Companies like Intel and AMD put a lot of effort into building really fast processors, fast memory doing all sorts of crazy kinds of caching, and branching and pipelining and all these insane techniques. Really, we have shared memory. Shared memory is pretty fast compared to sending network RPCs to a different processor, a different server. So, what that paper was about was kind of saying “Hey, let’s stop pretending like they are the same thing and actually build real systems and look at what works in a multi-core system versus a distributed system for databases”.

Werner: That is interesting. So, what you are saying is that we should make use of the shared memory and the shared memory capabilities rather than going with the dogma.

Exactly.

   

11. OK. It is interesting that in the industry, there is this trend, there is some research operation systems like Barrelfish a few years ago, that is going “Let’s treat each core as a system and just communicate by caches” Do you have an opinion on that?

Yes, I know that paper. Research can be very forward looking so, definitely, in the future, we might have machines that look more like distributed systems and where techniques like that might make sense and we have to start using techniques like that. I do not think we are not there yet. So, I think that right now, we should not jump the gun with the systems that we have, the hardware that we have.

   

12. So there are systems, research like Barrelfish that tries to treat each CPU as a system that only communicates via caches. What do you think about that in that context?

Sure. So, there is a lot of research in this area and I know that paper. It is really good work. So, I think that in research, we have to be really forward thinking and it is possible in the future that single server machines will start to look more like distributed systems and cache coherency will be something that we cannot rely on any more and it will become too expensive to implement. But, I do not think we are there yet.
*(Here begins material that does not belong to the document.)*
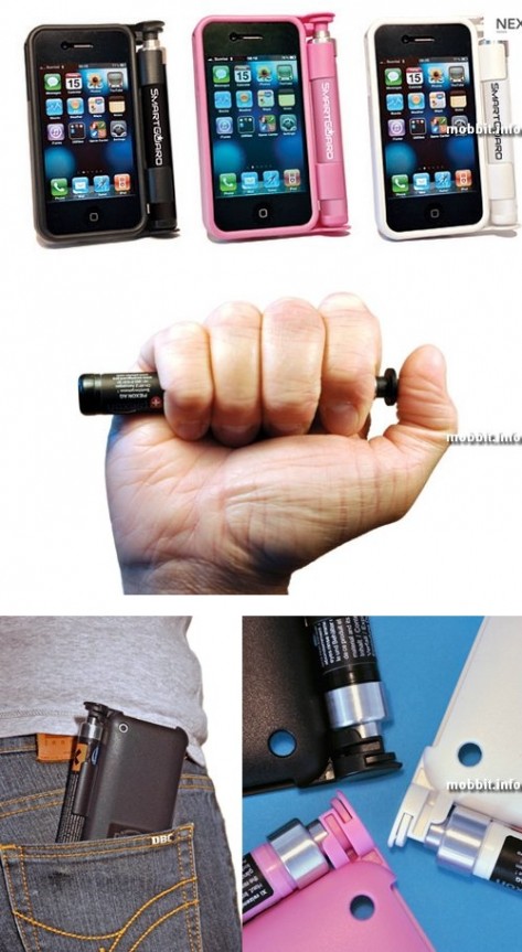 Данное устройство имеет говорящее название Smartguard (смарт-охранник) и представляет собой обыкновенный пластиковый чехол для iPhone, но к нему сбоку пристроен держатель для баллончика с перцем, который используют при встрече с недоброжелателем. Устройство крепления баллона сделано так, что не произойдет самопроизвольного распыления. Для использования нужно вытащить баллончик из крепления, направить распылителем в лицо преступнику и нажать на кнопку.

Werner: So, we should thank the good people at Intel for giving us all these powers.

Exactly. Thank you for building really complicated CPUs.

   

13. Well, that is a good point. So what if ten years from now we are all running some simple ARM cores? Will that change the equation, do you think?

Yes, absolutely. We are already seeing some interesting research about using different cores on phones. So, in the mobile space, this is particularly important and power is really, really important. So, often, there will be one beefy, very powerful core that sucks up a lot of energy and then maybe a much, much weaker, low energy core and what you can do with your phone while it is on standby, you can put the big, heavy, expensive one to sleep and then you only wake the little lightweight one every so often to check and see if there are any notifications or messages or things like that. So, this can be great for power consumption. The problem is that these two cores look very different and as such, most traditional operating systems are not designed to deal with very, very different heterogeneous hardware and so, how do we handle this? What is the right kind of design to use? What are the right kind of abstractions?

   

14. Another one of your papers or your talks was “Phase Reconciliation for Contended In-memory Transactions”. So, let’s unwrap this title.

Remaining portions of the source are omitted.